I take strength from his hand on my jaw, its warmth and its solid weight. “For five weeks. I had a feeding tube stuck into my stomach. Here.” I reach down, touch the spot over the cloth, where I know a small scar remains.
“Five weeks. Holy shit.” He worries the barbell in his tongue, sucking on it. “And then you woke up, like me.”
“Not like you.” This is the hardest part. “When I finally woke up, I was told I was paralyzed. Two of my vertebrae were damaged. I couldn’t feel much from the waist down, but I felt my toes, and I insisted I’d be able to walk again. They didn’t believe me. But I proved them wrong. I threw myself into physiotherapy and exercise. Worked my body to exhaustion every day, so that I slept fourteen hours every night. It took me a year to walk again properly.” I chew on my lip. “My left side is still weaker. But I can walk, and dance, and run. I’m a survivor. Told you.”
I wait for Zane to say something. But he’s silent, his eyes hooded. Maybe he’s processing what I said. Besides, I’ve gone through the story as fast as humanly possible, not wanting to linger on what was one of the worst times of my life.
His hand on my jaw shifts, sliding down my neck, over my arm, to my side. At the same time, his other hand is slipping under my back, gathering me to his chest. Before I know it, I’m rolled on my side and enfolded in Zane’s embrace, my head tucked under his chin, my chest resting against his heart.
It’s racing a hundred miles an hour, and his arms tighten around me until I can’t breathe.
“Zane…” I choke. “Zane.”
His hold relaxes marginally. His body is so tense it’s trembling. Muscles shift on his chest as he twists until he lies on his back. He pulls me up, so that I’m sprawled half across him.
“Better?” he asks, and I nod. I lie still, listening to his heart thump, noting when it starts to slow.
“I’m okay now,” I say, because I have a hunch he needs to hear it. “It’s been three years since the accident. I’m fine.”
“Did he call the ambulance? Did he take you to the ER?”
“Coll
in? No. He left the party.”
His hold tightens again briefly. “I’ll kill that motherfucker.”
My chest clenches painfully. “He’s already dead.”

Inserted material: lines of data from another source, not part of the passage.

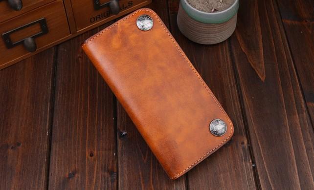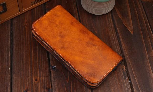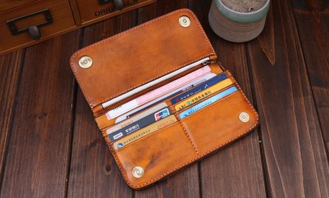 Design: Handmade Leather Mens Clutch Wallet Cool Leather Wallet Long Phone Wallets for Men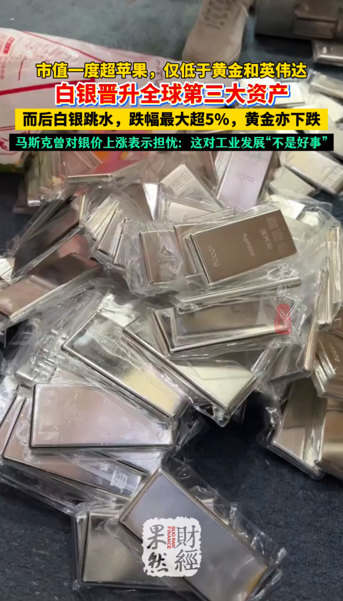 果然财经 | 白银成全球第三大资产!市值仅次于黄金、英伟达齐鲁晚报·齐鲁壹点客户端 昨天19:55原创随着白银价格不断攀升,目前该贵金属市值已超越苹果,晋升为全球第三大资产,仅低于黄金和英伟达。周一,白银市场巨震,上演了 “暴涨后急跌” 的过山车行情:现货白银开盘暴力拉升,一度上涨逾5%,随后上演高台跳水,一度跌破75美元。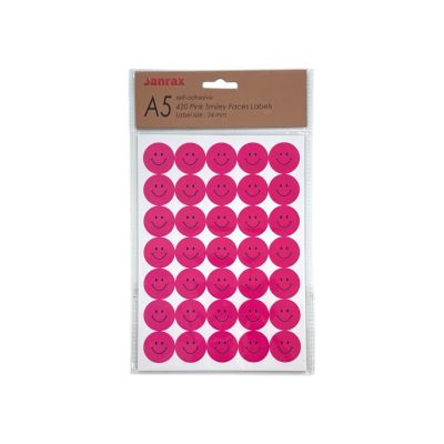 Pack of 420 Pink Smile Faces 24mm Self-Adhesive Labels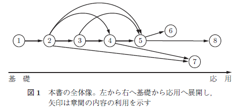 本書の構成はつぎのとおりであり,図1がその全体像である:第1章は集合・写像の基礎事項を整理し,さらに線形代数の教科書ではあまり扱われない商集合を導入する。商集合は抽象的な概念ではあるが,本書全体の理解において重要な役割を果たすため,特に丁寧に解説する。第2章では本書全体を通して中核となるユークリッド整域を中心に,代数学の基礎概念を詳述する。第3章では加群と準同型写像を取り上げ,ベクトル空間との違いを明確にしつつ,加群論の基本的枠組みを与える。第4章では整域上の行列式を定義から性質に至るまで体系的に構築し,後続の議論に備える。第5章ではエルミート標準形,スミス標準形,ジョルダン標準形という三つの標準形を取り上げ,特にジョルダン標準形と複素ベクトル空間の直和分解の関係を詳しく論じる。第6章では非負行列の一般論を展開し,その応用としてマルコフ連鎖を導入し,さらにグラフラプラシアンのクロン縮約について詳細に解説する。第7章では多項式の積とFFTの関係を線形代数学的観点から明らかにし,さらにFFTの深層学習モデルへの応用に触れる。最後に第8章では,本書で整えた「広義の線形代数」が具体的に数理工学のどのような分野に活用されるかを三つの視点から示す。すなわち,トポロジカルデータ解析,代数解析学に基づくシステム制御,そして耐量子暗号の有力候補である格子暗号である。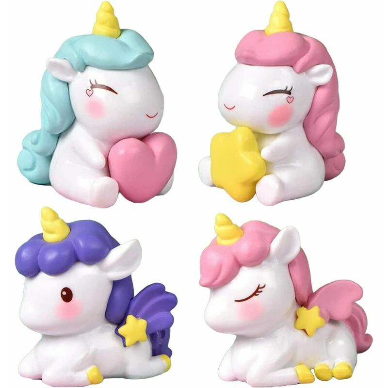 Le statuette di unicorno in miniatura misurano circa 4,3 * 5 cm Realizzate in resina, materiale ambientale Queste decorazioni di unicorno sono adatte per il cruscotto dell'auto, il desktop, la torta, la decorazione di micropaesaggi. L'ornamento di unicorno dal design carino renderà la tua auto o la tua stanza più calda e dolce. Queste adorabili sculture in miniatura di figurine di unicorno sono la migliore scelta regalo da inviare ad amici e parenti. Descrizione: Artigianato per la produzione fai-da-te, facile da usare, aumenta il divertimento della vita. Realizzato in resina sintetica, molto ecologico. Perfetto per qualsiasi giardino in miniatura, casa delle bambole o scena shadowbox. Questi ornamenti di unicorno sono adatti per il cruscotto dell'auto, il desktop, la torta, la decorazione di micropaesaggi. Facile da mettere sulla scrivania, sul cruscotto dell'auto, perfetto per l'esposizione sullo scaffale del negozio. Il pacchetto include: 4 statuette di unicorno fantastiche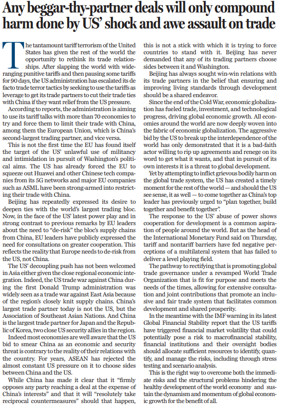 原標題:Any beggar-thy-partner deals will only compound harm done by US' shock and awe assault on trade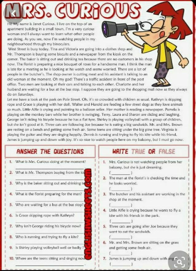 1. She is watching people in her neighbourhood through her binoculars.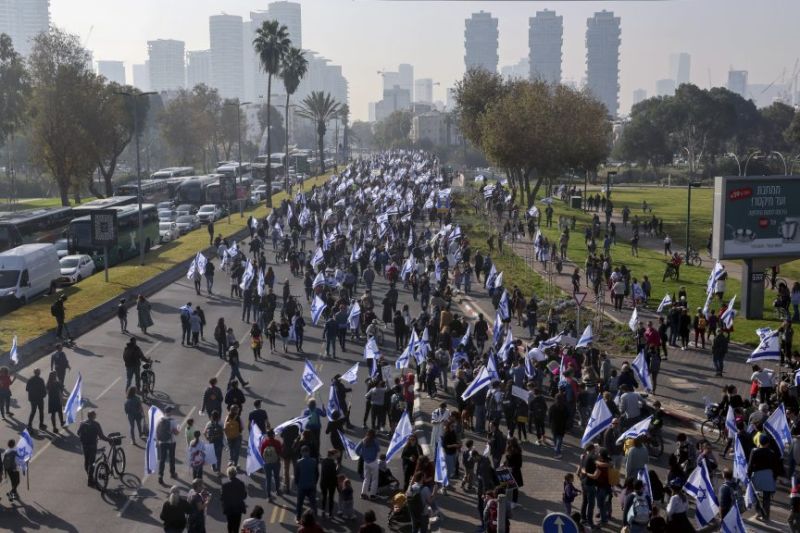 Le projet de réforme de la justice annoncé début janvier par le gouvernement mobilise une forte partie de l'opinion publique contre lui. "L'Etat est en danger", a déclaré à l'AFP Dvir Bar, manifestant de 45 ans venu de Holon dans le centre d'Israël. Ce projet "est une tentative de coup d'Etat visant à transformer Israël en dictature", poursuit-il.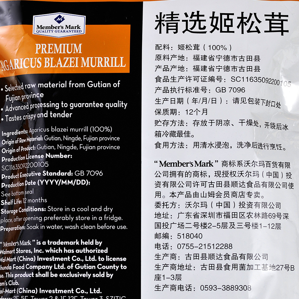 Sam Members Mark selected Ji pine furry 200g dry goods and furry mushrooms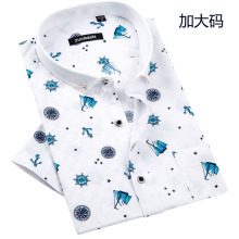 加肥加大短袖衬衫时尚休闲肥佬男装胖子潮宽松特大码半袖印花衬衣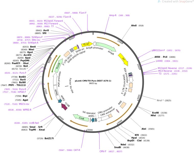 质粒名称:pLenti CMV/TO Puro DEST (670-1) 质粒编号:17293 质粒备注: (Empty Backbone) 3rd gen lentiviral Gateway destination vector, expression, CMV/TO promoter, Puro 载体名称:p156RRL-sinPPT-CMV-GFP-PRE/Nhe I 载体大小:9594 载体类型:Mammalian Expression, Lentiviral ; Destination vector 筛选标记:嘌呤霉素 原核抗性:Chloramphenicol and Ampicillin, 25 & 100 渭g/mL 培养温度:37掳C 克隆菌株:DB3.1 高拷贝/低拷贝:高拷贝 插入基因:None 克隆方法:限制性内切酶 5'测序引物:CMVforw 质粒图谱:

Zane’s heartbeat picks up again, drumming under my ear. “How did that happen?”
“He crashed with his bike while I was lying in a coma. He was…” I close my eyes. “He was thrown off and broke his neck on landing. Died on the spot.”
Silence stretches, marked by the beating of Zane’s heart and my own painful breaths.
“I’m not sorry,” he finally whispers. “He deserved worse.”
Maybe. What it means is that I can’t hate him. Not for being a coward. Not for freaking out and running when I was brought out of the water, unconscious. I don’t hate him, but I can live with his death.
“I won’t let you fall again,” Zane says quietly, his voice rumbling in his chest.
He’ll fight the monsters. He’ll wrap his magical dragons around me to keep me safe. “I know you won’t.”
“I’ll give you wings.” He strokes my back, along the bumps of my spine, and I wonder if he feels the surgical scar under the colors of my tattoo from fixing my broken discs. “I’ll help you fly.”
“And you’ll fly with me,” I whisper, warm and content and comfortable on his chest.
“Maybe.” There’s an odd note in his voice, a catch. Somehow I don’t think he’s talking about flying anymore. I look up into his beautiful eyes, and I see the ghost of a doubt.
“No,” I say and reach up to touch his face. “No maybes. I’m with you. This is for sure.”
And that’s a promise I’ll work on making him believe every day of my life.
A month later
Dakota
Rafe accompanies the last notes of the song with a wicked drumroll, and even that is soon drowned in the applause of the small crowd gathered in Halo. The bar is dimly lit as always, but that doesn’t deter me from scanning the sea of faces for my friends as I let go of the mike and struggle to catch my breath.